# Best Food For Dubia Roaches?



## MaelRadec (Aug 20, 2016)

I've been keeping a colony of Dubia for a couple months now and they are doing quite well. However I've been wondering what is best to feed them? I've been feeding primarily oranges and carrots but is there anything else I should give them so they could be more nutritional for my Inverts and Leopard Gecko? I noticed there seems to be a debate whether or not they should be given dog food so I would like some input on this, or is what I'm feeding currently adequate?


----------



## JumpingSpiderLady (Aug 20, 2016)

I feed mine fish food,  omega one.

Reactions: Like 2


----------



## Jacob Ma (Aug 20, 2016)

There is a plethora of foods that you can give to your dubias, such as oatmeal/rolled oats, lettuce, broccoli heads, apple slices, bananas, cucumbers, zucchinis, formulated feeder chow, and even shrimp pellets.  Right now, it would be nice to add some variety to your roaches' diets, but you are fine with the feed you have as of now.  Nutritional supplements for specific vitamins & minerals can be dusted onto the roaches.

Reactions: Like 1


----------



## Chris LXXIX (Aug 20, 2016)

I give those only fresh, well clean, carrots and cricket fodder.

Reactions: Like 1


----------



## Hisserdude (Aug 20, 2016)

You should provide some sort of protein, either dog/cat/fish food or oats should work nicely.

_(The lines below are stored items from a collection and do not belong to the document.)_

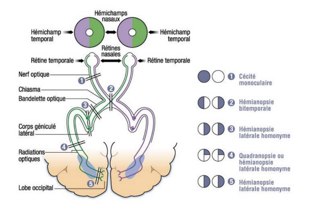 Troubles de vision: SCHÉMA DES VOIES VISUELLES + DÉFICIT CAUSÉ
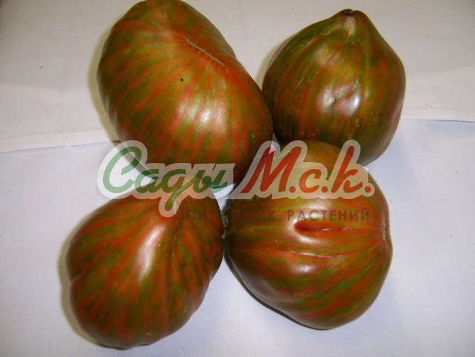 Помидор Chocolate Stripes - экзотичный томатный гигант. Плоды огромные, массой до 500 грамм, округло-приплюснутой формы. Окрас созревших плодов коричневый с зелено-серебристыми полосами. Мякоть мясистая, темная, очень вкусная. Сорт используется для свежего потребления и изготовления соков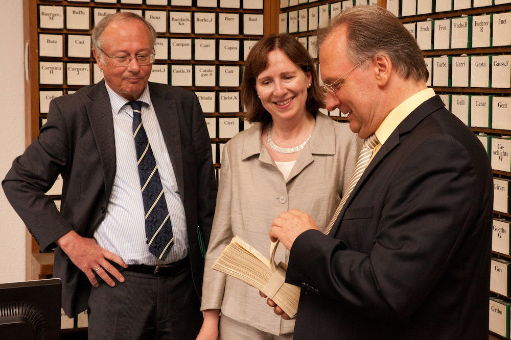 Im Katalograum wurden bis 1929 die eingehenden Bücher handschriftlich verzeichnet und noch bis 1990 wurden Zettelkataloge geführt. Fasziniert von den alten Katalogen und insbesondere vom historischen „Strumpfbandkatalog“, nahm Reiner Haseloff aus einem Regal eines der unzähligen kleinen Kästchen in die Hand. Im Innern der Holzkästen befinden sich Kartenstapel mit handgeschriebenen Eintragungen, die jene Strumpfbänder zusammenhalten. Diese Art der Katalogisierung ist auf den einstmaligen Bibliotheksdirektor Otto Hartwig (1830 bis 1903) zurückzuführen.
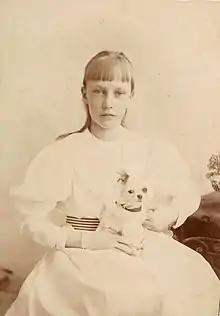 After Rudolf's death, Franz Joseph took over guardianship of Erzsi; by his order, she was forbidden to leave Austria with her mother.[2] At a young age she displayed a strong personality, as well as an opposition to the Viennese court.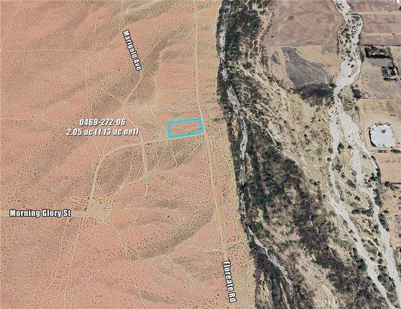 2.05 ac Rural Living parcel on Floreate Rd in Oro Grande/Adelanto. Floreate Rd runs along west side of Mojave River, which flows above ground in this area. Access via Hwy 395 to Colusa Rd, to Helendale Rd, to Purple Sage/Morning Glory. 4x4 Vehicle recommended. Seclusion and the River call you. 9 Lots total available on/off Floreate (6 on River, 3 off). Please contact Listing Agent for more information.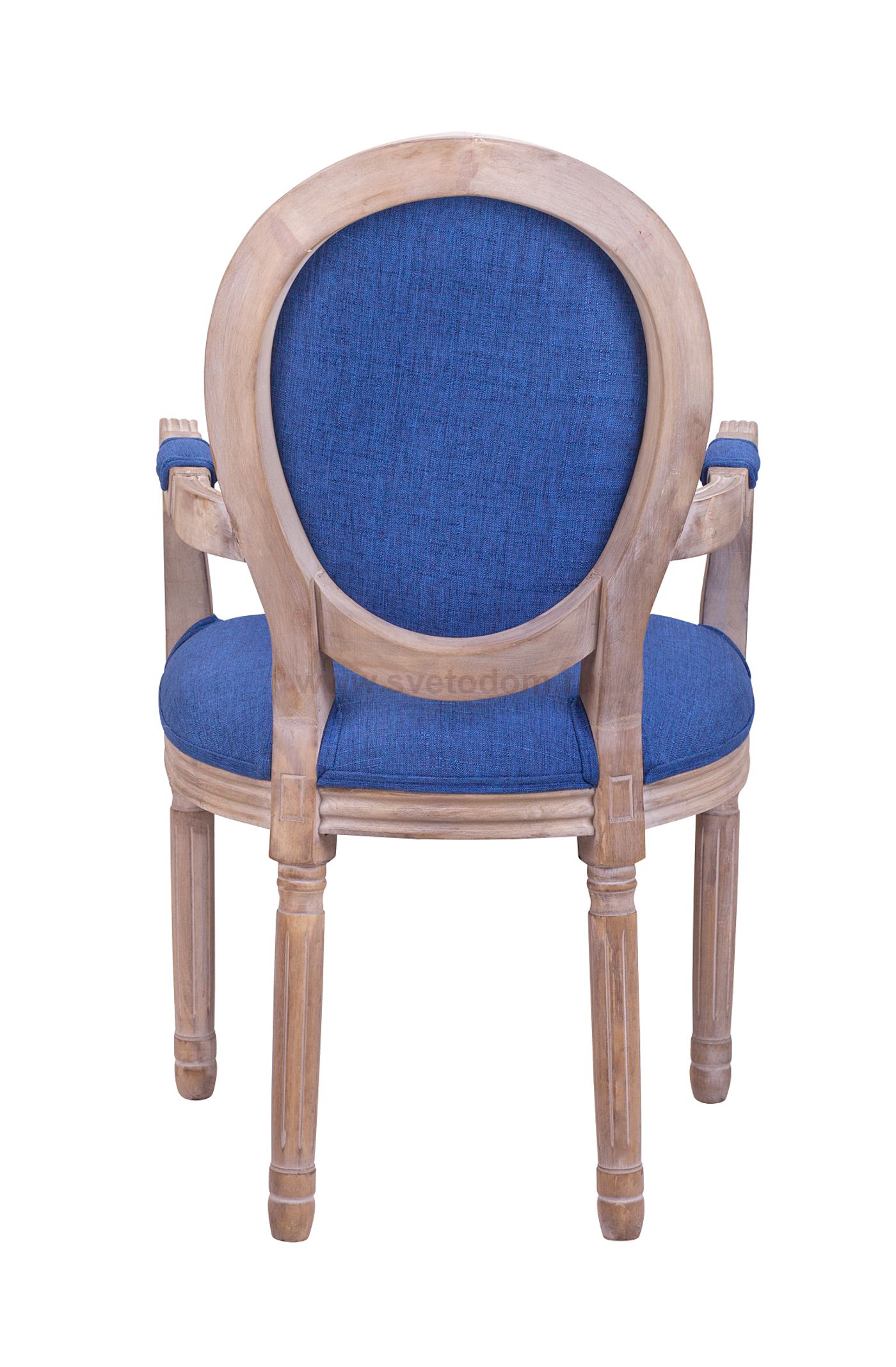 Стул Volker arm original blue с основанием из натуральной древесины. Округлая спинка в деревянном обрамлении напоминает медальон, широкое сиденье обеспечивает комфортное расположение тела при работе или отдыхе. Ножки украшены узорной резьбой, для обивки использован велюр, способный органично сочетаться с нейтральными и яркими расцветками окружающей обстановки.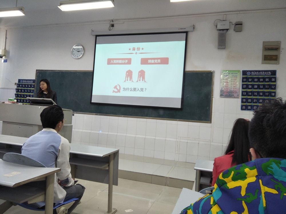 接着,黄老师向大家介绍了十九大报告提出的“八个明确”、“十四个坚持”,让同学们进一步了解在新时代我们要坚持和发展什么样的中国特色社会主义,怎样坚持和发展中国特色社会主义。并重点阐释“八个明确”中明确中国特色社会主义最本质的特征是中国共产党领导,“十四个坚持”中坚持全面从严治党这两点。在“入口关”越来越严格的情况下,作为入党积极分子,大家要继续高标准要求自己,积极向党组织靠拢。作为党员,要加强自身的政治、思想、组织、作风、纪律等建设,做“四讲四有”的合格党员。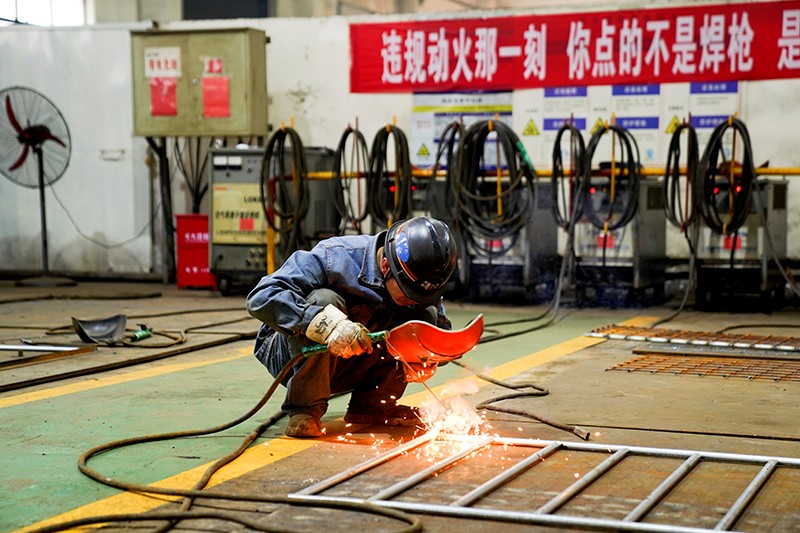 机修厂车间里,焊花与机床嗡鸣交织,工人佩戴防护装备专注加工配件,液压剪板机与焊接工具的精准操作,为设备稳定运行筑牢根基;机运地面环境整治现场,管材在管理人员指挥下有序码放,蓝色防水布覆盖的金属构件整齐排列,黄色警示线勾勒出安全作业区,干部职工们以细致维护守护生产环境整洁。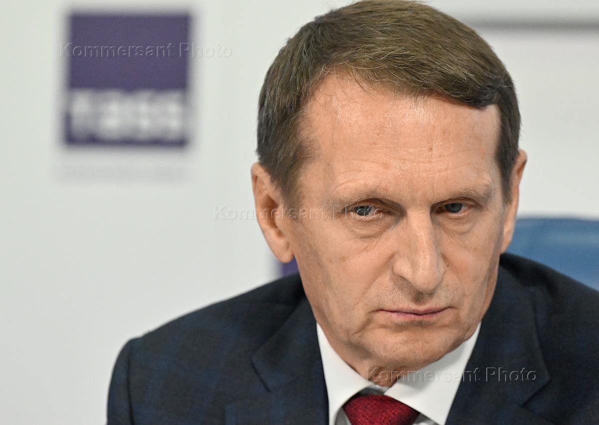 Press conference on the results of the IV International educational campaign "Dictation of Victory - 2022" at the TASS news agency. Chairman of the Russian Historical Society, head of the Russian Foreign Intelligence Service Sergei Naryshkin during the press conference.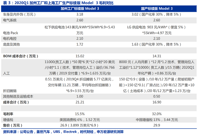 据申万宏源证券测算,加州工厂标续版Model 3成本21.21万元,上海工厂标续版Model 3成本16.90万元。2020Q1美国地区标续版Model 3售价3.899万美元(约合26.9万元),中国地区Model 3售价(补贴后)29.9万元。据此可得2020Q1加州弗里蒙特工厂毛利率约为 15.5%,上海工厂毛利率约 32.0%。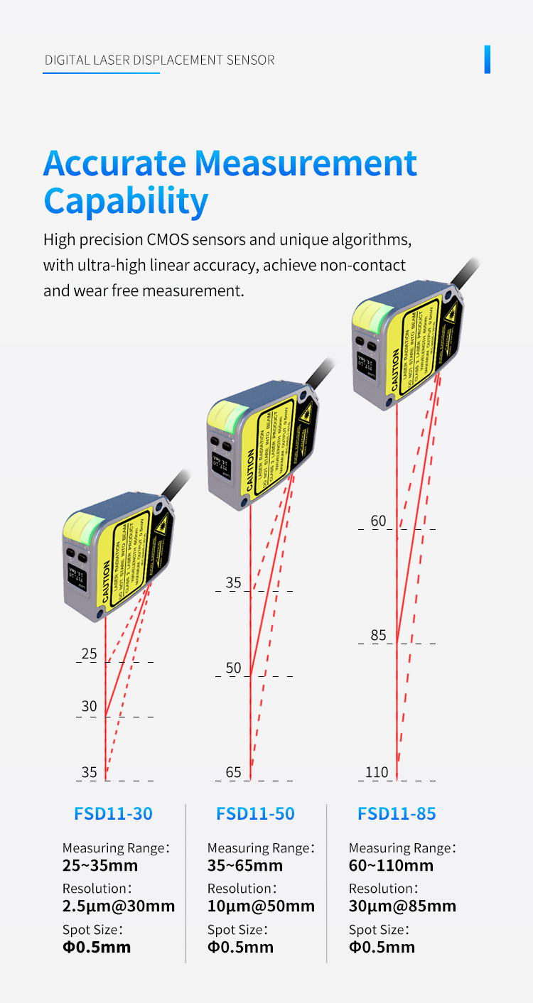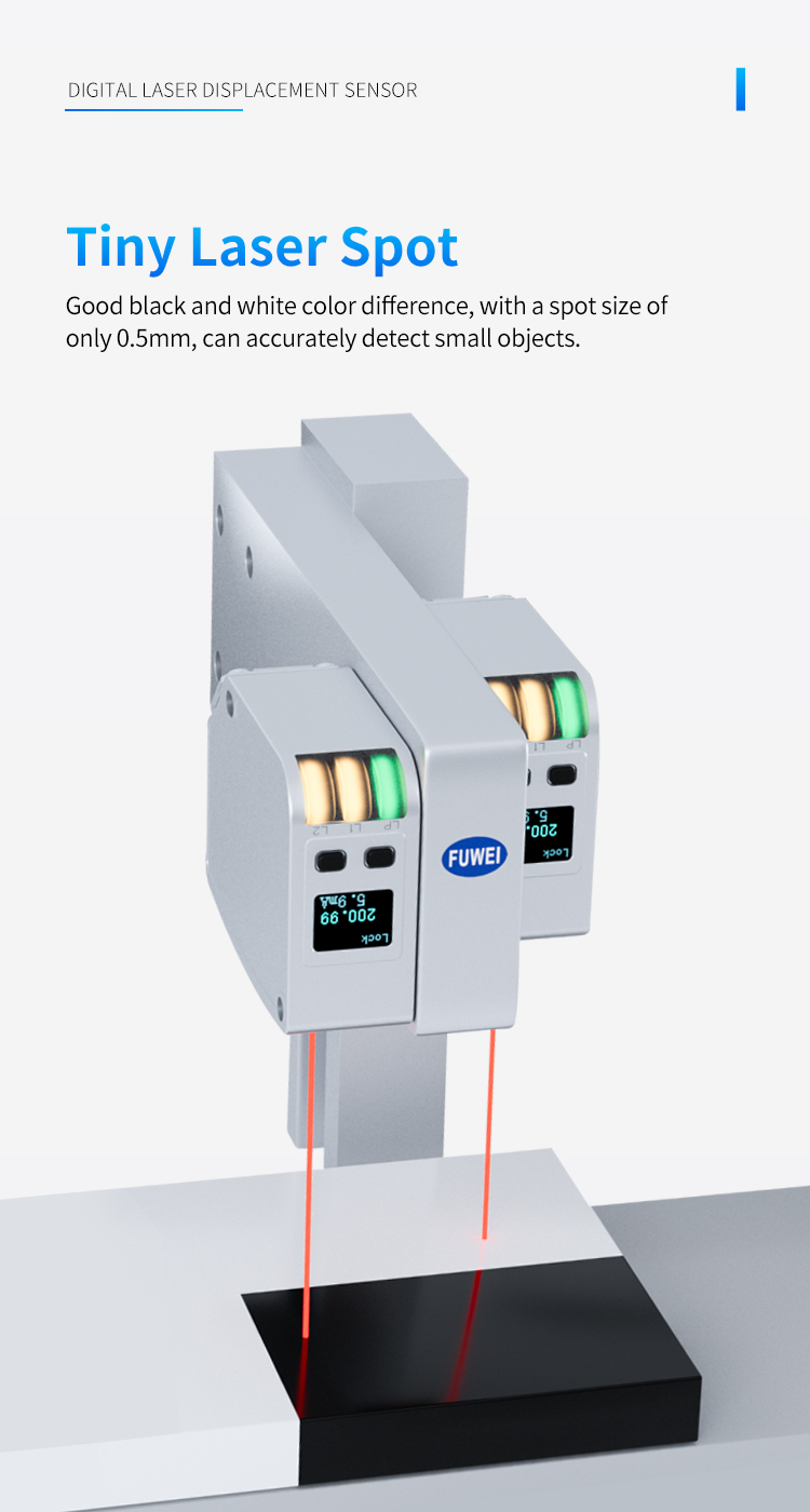 Nel campo del controllo di precisione nella moderna produzione industriale, ogni misurazione e posizionamento sottile è direttamente correlato alla qualità e all'efficienza produttiva del prodotto. Il sensore di rilevamento laser della serie Fuwei FSD11, ottimizzato con un algoritmo unico, può ottenere un rilevamento stabile e affidabile di piccoli oggetti. Che si tratti di monitorare l'altezza dell'impilamento delle schede PCB o di rilevare la presenza o l'assenza di guarnizioni dei tappi delle bottiglie, può garantire l'accuratezza dei dati di misurazione. Questa capacità di rilevamento ad alta precisione fornisce una solida garanzia per il controllo di qualità sulla linea di produzione.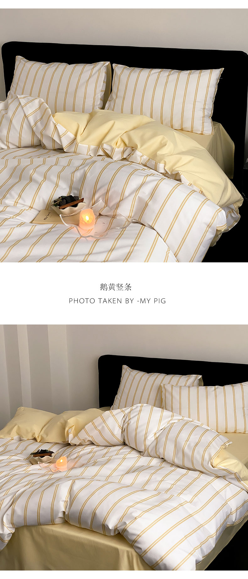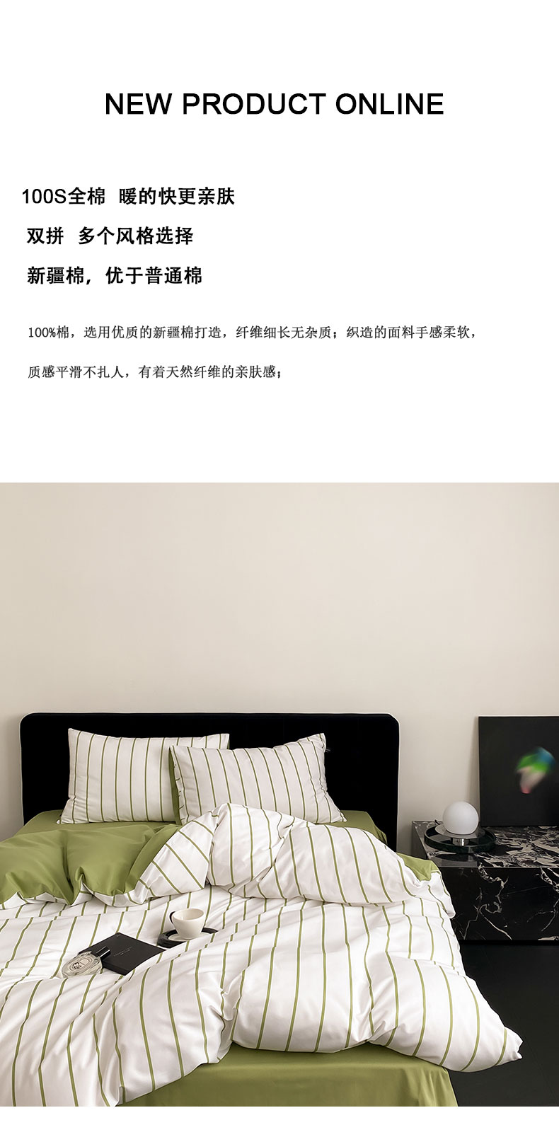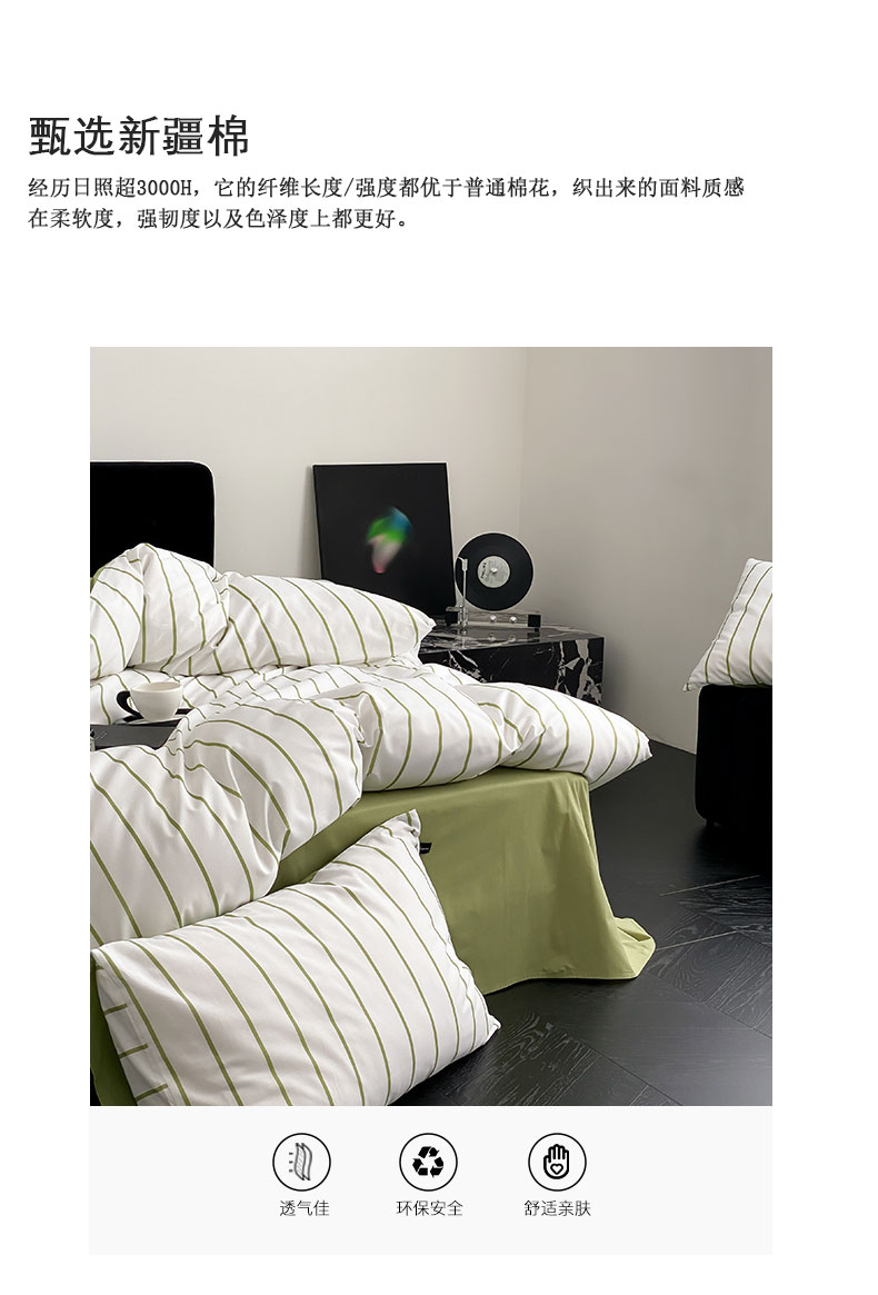 商品名称:Mr.pig猪先生水洗棉 2023新款A类全棉印花竖条纹四件套 牛油果竖条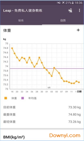 你可以用软件中的日历记录运动进度,作为坚持运动的动力。此外,你可以在体重图上查看体重变化。
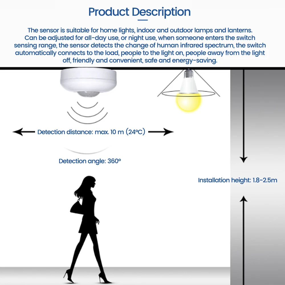 AC 85-265V Intelligent Human Infrared Sensor Switch Ceiling Mini Sensor 802 Ceiling Sensor Switch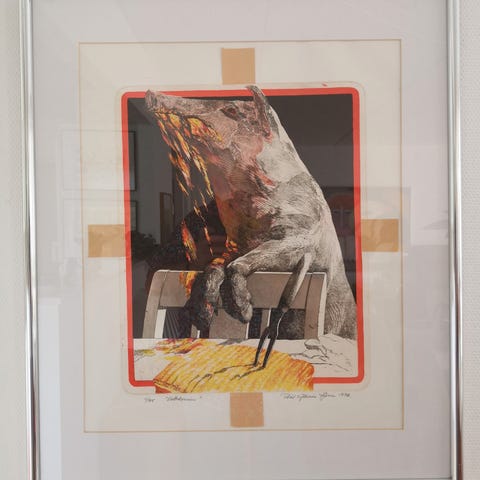 Litografi, Ingstrup 82, motiv: Strandengen, b: 58 h: 45, Signeret og nummeret litografi fra 1982.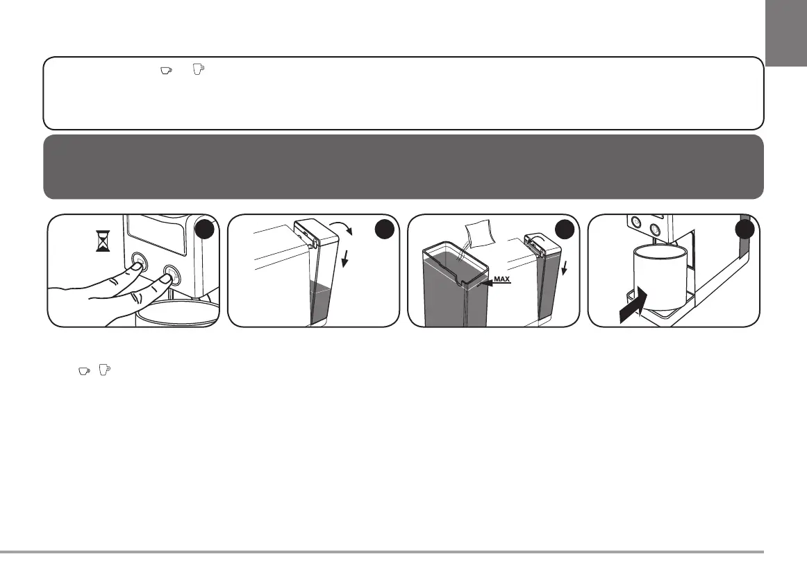 N.B.: If the operations are not carried out according to the indicated time, the machine will not start the descaling process. In this case, turn off the machine and repeat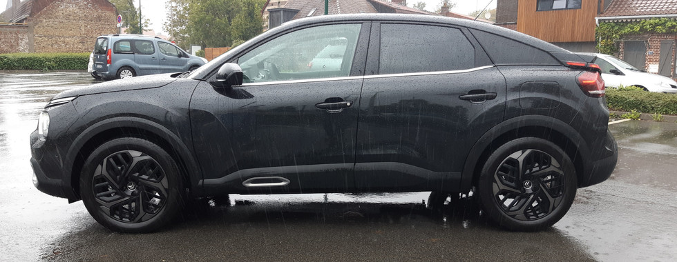 Voir en vrai la voiture permet également de prendre en compte le travail sur la carrosserie qui est vraiment incroyable même si dans cette configuration toute noire et sous la pluie, ce n’est pas gagné. Les arrêtes se font plus vive, le modelé du capot est prononcé, plus que l’on pouvait s’y attendre et, s’il garde un esprit de famille avec le C5 Aircross, le temps des Citroën lisse comme un galet semble révolu. Les passages de roues, bien prononcés, participent à l’aspect bondissant revendiqué par cette C4. La face avant est imposante mais pas massive, contrairement à un Peugeot 2008 par exemple. Celle-ci semble fendre l’air, on sent que le travail aérodynamique est poussé sur cette C4. Et si les traits se font très saillants, trop peut-être notamment sur les phares, la face avant de cette C4 est vraiment agréable à l’oeil et, si elle évolue par rapport à la gamme actuelle, elle le fait modérément si bien que les passants croisés l’identifient immédiatement comme une Citroën. C’est à l’arrière où ces derniers semblent perdus. C’est bien une Citroën mais laquelle ? Encore fortement inconnue, la nouvelle C4 surprend les curieux. L’arrière, qui concentre les critiques notamment via ses feux « tarabiscotés », passe nettement mieux en vrai qu’en photo. Certes, les feux sont compliqués, ils sont composés d’un gros bloc sur lequel des petites parties s’ajoutent, la couleur noire aide puisqu’elle intègre et efface le becquet, le bandeau et la partie noire des feux. Il faudra voir dans d’autres couleurs, comment l’arrière est réellement. Là aussi, les modelés sont travaillés, mais moins saillants que sur la face avant, ils se font plus doux, on retrouve ici l’esprit des Citroën plus lisses. Le coffre, d’une capacité de 380 litres, se révèle très carré, avec des surfaces parfaitement exploitables et un seuil de coffre bas et très pratique.

Just feeding them fruits and veggies could lead to some level of cannibalism.

Reactions: Agree 1


----------



## MaelRadec (Aug 21, 2016)

Hisserdude said:


> You should provide some sort of protein, either dog/cat/fish food or oats should work nicely. Just feeding them fruits and veggies could lead to some level of cannibalism.


I have actually noticed a bit of cannibalism in my colony. Is there a particular type of dog food I should provide? I see a lot of people debating on whether or not its good for them.

Reactions: Like 1


----------



## Hisserdude (Aug 21, 2016)

MaelRadec said:


> I have actually noticed a bit of cannibalism in my colony. Is there a particular type of dog food I should provide? I see a lot of people debating on whether or not its good for them.


The cheapest you can get would work just great. Many people have fallen under the impression that feeding roach colonies lots of dog food over a certain amount of time is bad for the roaches.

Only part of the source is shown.